Prépa ECE Un auteur, un concept P. Rigaud

Claudio Borio et le cycle financier 1

LE CYCLE FINANCIER

Claudio Borio est docteur en économie de l’université d’Oxford. Il est aussi diplômé en science politique et en philosophie. Enseignant chercheur au Brasenose College (Oxford), il devient économiste à l’OCDE (1985-1987) avant d’intégrer la Banque des Règlements Internationaux (BRI) où il est le chef du département monétaire et économique.

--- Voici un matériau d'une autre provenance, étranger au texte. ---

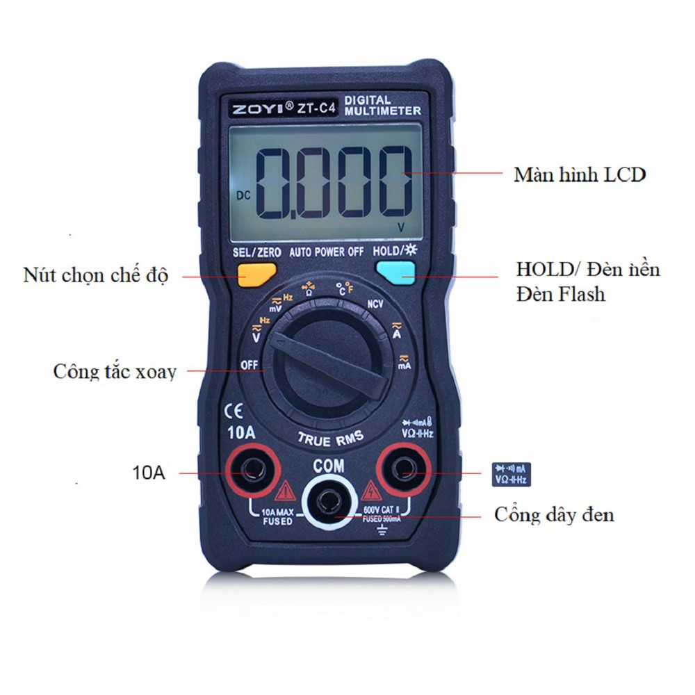 Đồng Hồ Đo Điện Vạn Năng Zoyi Zt-C4 Đo Điện Đa Năng Điện Dung, Nhiệt Độ - Hàng Chính Hãng - Bảo Hành 12 Tháng
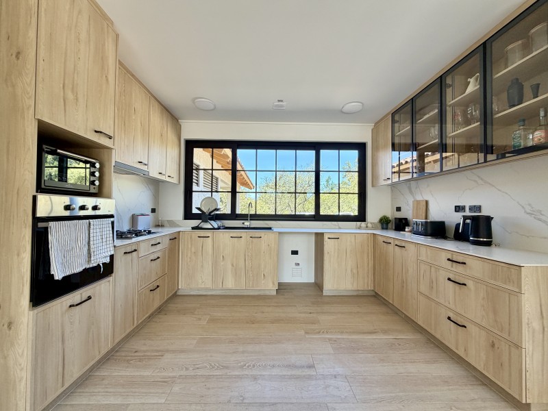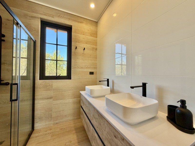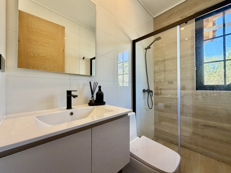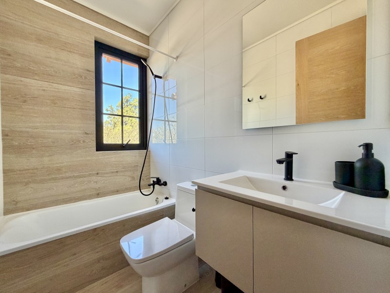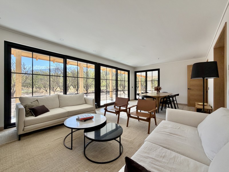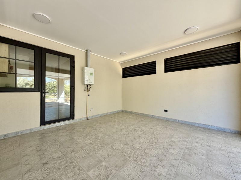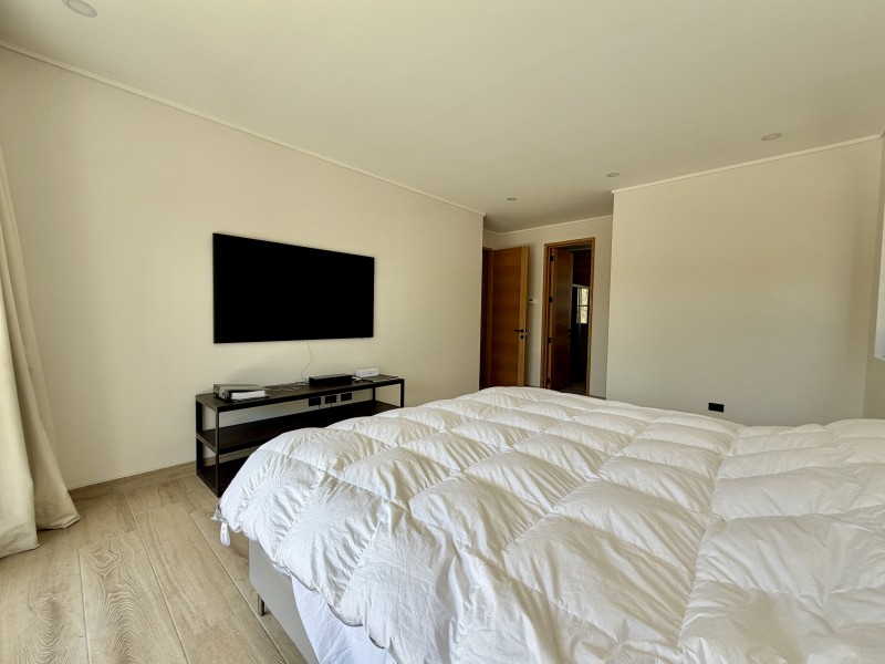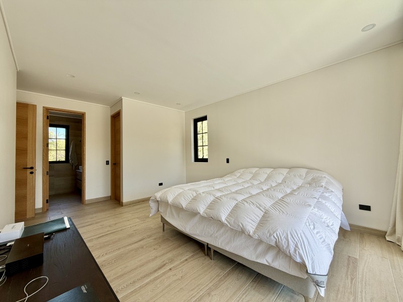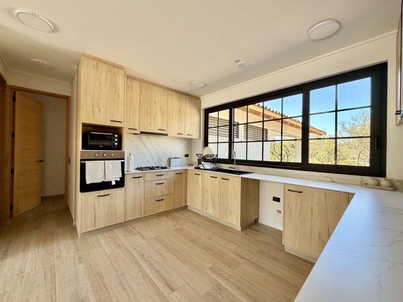 Ventanas termopanel con marcos de PVC, pisos de porcelanato, calefacción central por losa radiante con caldera a gas, 2 calefont de agua caliente, estanque de gas soterrado de 1.000lts.
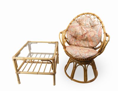 Salon de jardin en rotin laqué et coussin de tissus imprimé …
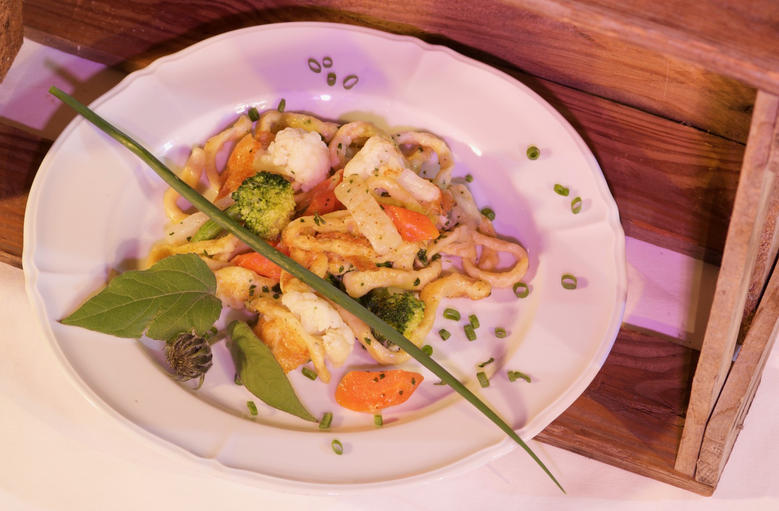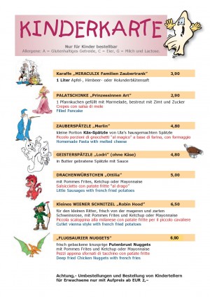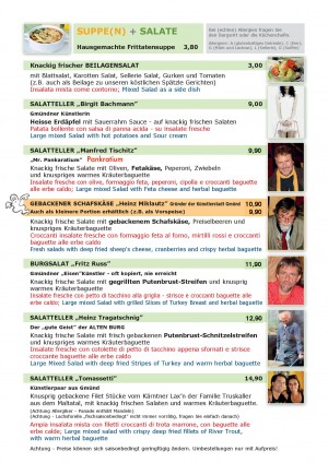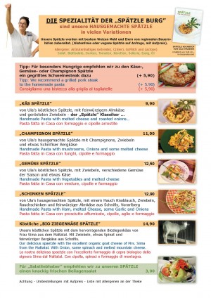 Sie kreiert in ihrer Burgküche mit viel Liebe und Herz die tollsten Versuchungen für jeden Geschmack. Die Spezialität des Hauses sind die hausgemachten original schwäbischen Spätzle, welche es bereits in über zehn verschiedenen Varianten, - ob mit Fleisch oder vegetarisch,- ja sogar glutenfrei (Lactosefrei) - gibt. Aber auch regionales,- wie den „Kärtna Lax´n“ gibt´s hier perfekt zubereitet, oder Blunz´n Gröstl, Biosulze mit knusprigen Bratkartoffeln, - Scampis auf Kräuterreis, Rumpsteaks - etc.. eben alles was das kulinarische Herz begehrt....
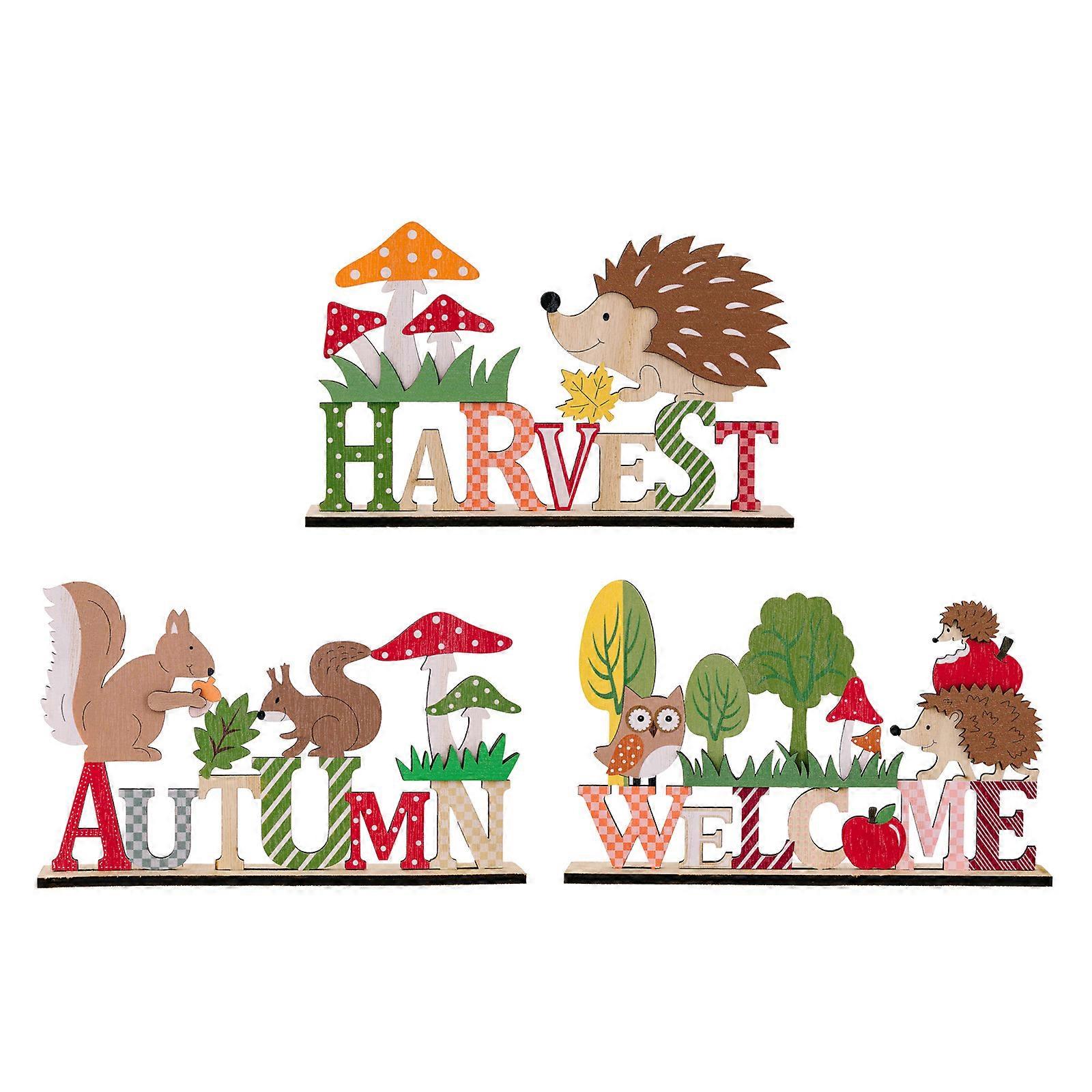 3Pcs Thanksgiving Wood Animal Statuettes Festives Holiday Decoration Lovely Animals Themed Figurines Embellishments Multicolor

Claudio Borio est spécialisé dans l’analyse de la politique monétaire, des relations financières et bancaires et des questions de stabilité financière. Il fait partie des économistes qui invitent à redécouvrir le rôle du cycle financier en macroéconomie tant pour comprendre les fluctuations économiques que pour définir les politiques macroéconomiques.

Citation

« La notion de cycle financier est devenue un ingrédient de base dans la façon dont les économistes et les décideurs politiques comprennent comment fonctionne

l'économie. Il est difficile de nos jours de discuter de politique monétaire ou prudentielle sans référence au concept de cycle financier. Il est devenu, pour

ainsi dire, une partie du mobilier intellectuel. »

Les cycles sont aussi financiers Les fluctuations, où évolutions alternées de variables économiques autour d’une tendance, peuvent connaître des régularités dans leurs amplitudes et/ou leur périodicité. Les variations successives et de sens contraires d’indicateurs de production ou de prix peuvent donc être irrégulières ou connaître une certaine constance.

Un cycle est formé de fluctuations régulières de fréquences périodiques et d’amplitude fixe. Un cycle économique représente des fluctuations de l'activité économique, plus ou moins régulières et périodiques. Il y a donc alternance de périodes qui ont des taux de croissance (du produit intérieur brut - PIB, de la productivité, des prix, du niveau des stocks, etc.) rapides et d’autres singularisées par un ralentissement voire un recul des performances économiques. On découpe généralement le cycle économique en quatre moments ou phases : l’expansion (croissance), la crise, la contraction (dépression) et la reprise.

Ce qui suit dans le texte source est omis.